Al Joundy points to meetings that already took place before the American exit from Afghanistan, held by Emirati and Saudi officials with Egyptian, Turkish and Jordanian government representatives, as indicative of a quest for greater cooperation. Talks with Iran are also a sign of the times.
Relations with Afghanistan and Pakistan will also prove crucial and should be nurtured, the Emirati expert said. “Pakistan and Iran will be the most important players on the ground,” and good ties with the Taliban will be vital if the Gulf states wish to be able to “continuously evaluate the situation” vis-à-vis the development of a terror infrastructure in the country, Al Joundy said.
Guzansky said another cause for concern for countries in the Gulf is the possible flourishing of “al-Qaida and the establishment of terror there [in Afghanistan], that could be directed at the Gulf states.” Difficulties in the relations between the Taliban and Saudi Arabia in recent years, and efforts “to modernize the country and [advance] ‘a different kind of Islam’” lend additional credibility to this threat.
He agrees it is far from clear that the Taliban will allow jihadi organizations to establish themselves under its auspices, but if the Afghanistan of the ’90s and early 2000s does return, it carries an additional danger causing worry in the Gulf. Two decades ago, al-Qaida and its ideology proved attractive to some young men in the Arabian Peninsula. Most notorious of them was, of course, bin Laden, but notably, out of 19 hijackers in the 9/11 attacks, 17 had either Saudi or Emirati citizenship.
“Terror that would be directed at them is not all that worries” the Gulf countries, said Guzansky, “[they also fear] that suddenly, their youth will travel to Afghanistan and ultimately, go on to carry out terror attacks.”
Post-9/11, the actions of young Saudis put a significant amount of pressure on the US-Saudi alliance. With relations between the Biden administration and the Saudi government strained as they are, an attack on Western targets either sponsored or carried out by Saudi citizens is the last thing that the controversial crown prince of the Saudi kingdom, Muhammed bin Salman, needs.
Speaking of the Emirates, Al Joundy explains that “for the UAE, which has traditional nationals and an untraditional diverse population [of expatriates], the rise of extremist views is a challenge and a threat risk by itself since the UAE is building on values like tolerance and acceptance. Emboldened extremists in the Middle East would be and should be dealt with firmly.

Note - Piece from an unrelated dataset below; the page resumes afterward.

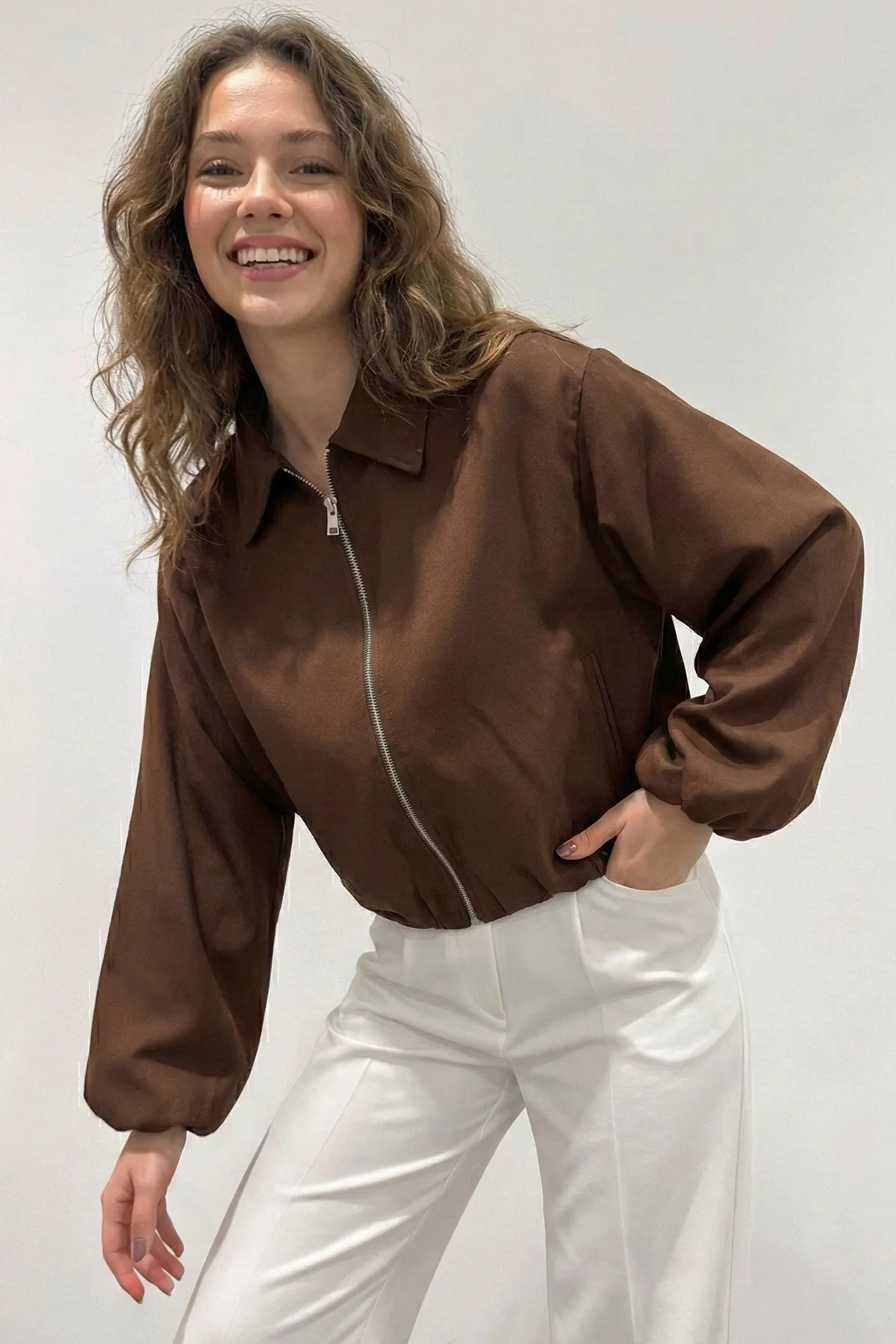 جاكيت قصير من قماش شاردون بأكمام طويلة وسحاب أمامي لستايل يومي مريح وعصري.

“A re-emerging role of the Islamic Military Counter-Terrorism Coalition [IMCTC] is the best choice to curb this rise, primarily if it results in widespread terrorist cells in weaker countries,” Al Joundy said.
(The IMCTC is an alliance of Muslim countries, united around military intervention against ISIS and other counter-terrorist activities. Its creation was announced by Saudi Defense Minister Mohammed bin Salman, now also crown prince, in December 2015.)
The Gulf states “certainly need to prepare themselves,” Guzansky said.